Learning-augmented count-min sketches via Bayesian nonparametrics
Stefano Favaro - Università di Torino - Collegio Carlo Alberto
The count-min sketch (CMS) is a time- and memory-efficient randomized data structure that provides estimates of token frequencies in a data stream, i.e. point queries, based on randomly hashed data. CMS augmented by learning aim to improve the CMS by means of learning models that allow better exploitation of data properties. We focus on the learning-augmented CMS by Cai, Mitzenmacher and Adams (NeurIPS, 2018), which is based on the non-parametric Bayesian modeling (BNP) of a data flow via priori of the Dirichlet (DP) process; this is called the CMS-DP. We present a new and rigorous approach of the CMS-DP, and show that it allows to consider more general classes of non-parametric priors than the prior DP. We apply our approach to develop a new CMS with learning under power-law data streams, which is based on the BNP modeling of the flow through prior Pitman-Yor process (PYP); this is referred to as CMS-PYP. Applications to synthetic data and real data show that CMS-PYP outperforms both CMS and CMS-DP in estimating low-frequency tokens; this is known to be a critical feature in natural language processing, where it is indeed common to encounter power-law data.

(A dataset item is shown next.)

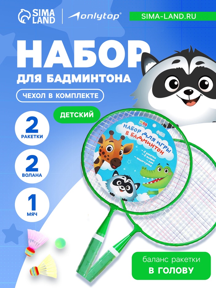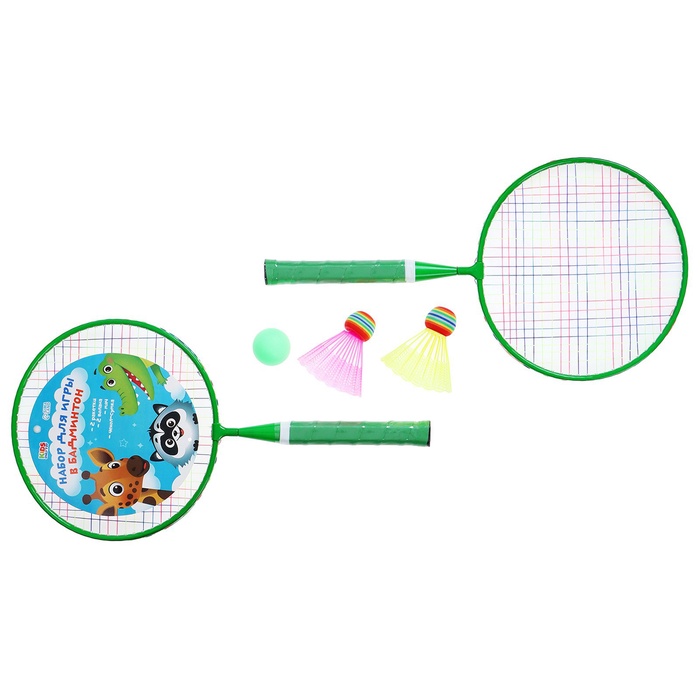 Набор для бадминтона ONLYTOP «Друзья»: 2 ракетки 44 см, 2 волана, мяч, чехол, цвет зелёный — Характеристики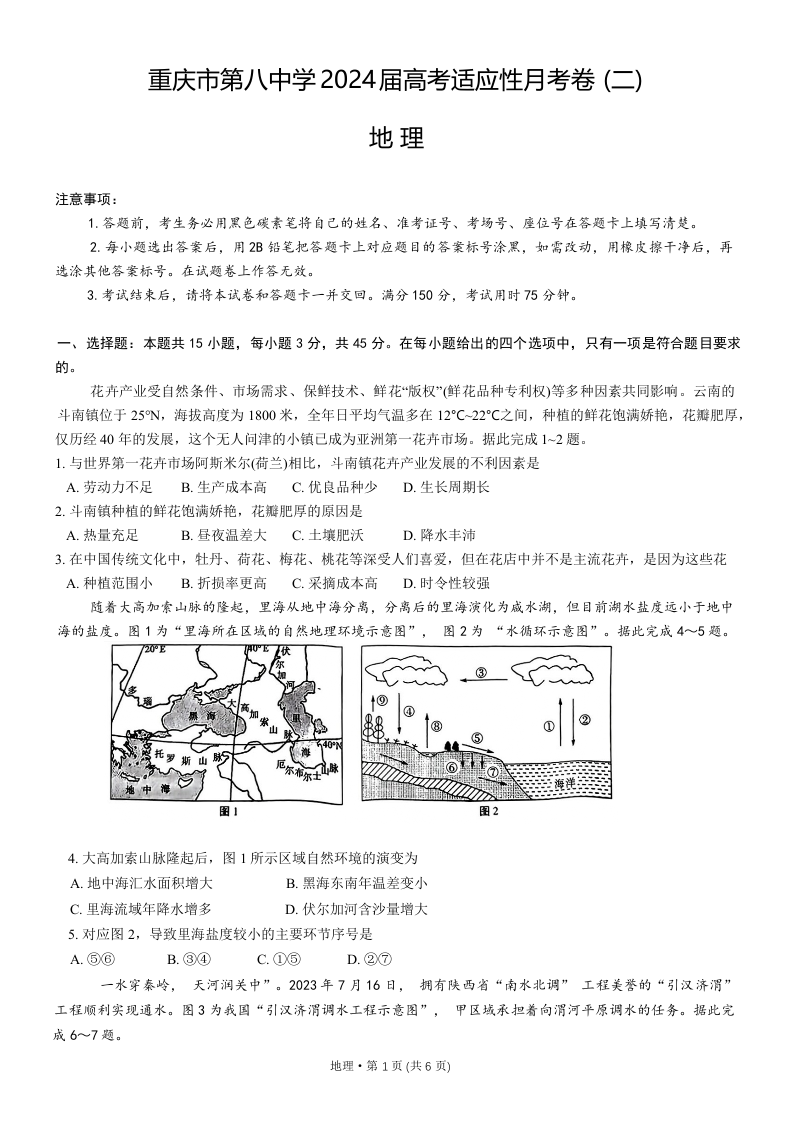 重庆市第八中学2024届高考适应性月考卷(二)地理

Stefano Favaro is a professor of statistics at the University of Turin and holder of the Carlo Alberto chair of statistics and machine learning at the Collegio Carlo Alberto. He is also Associate Member at the Statistics Department of the University of Oxford, and Research Fellow at the Institute of Applied Mathematics and Information Technologies "Enrico Magenes" of the CNR. In 2019 Stefano Favaro was awarded by an ERC Consolidator Grant on nonparametric Bayes and empirical Bayes methods for discrete functional estimation. In addition to non-parametric Bayesian methods, his research interests include statistical machine learning, data confidentiality and equity, learning-augmented retrieval algorithms, and deep learning mathematics. Since 2020 Stefano Favaro serves as Associate Editor for Bernoulli and Statistical Science.
March 21, 2022, 3:00 pm
Where is it
Room 706, UniGe DIBRIS, Via Dodecaneso 35, Genoa, Italy.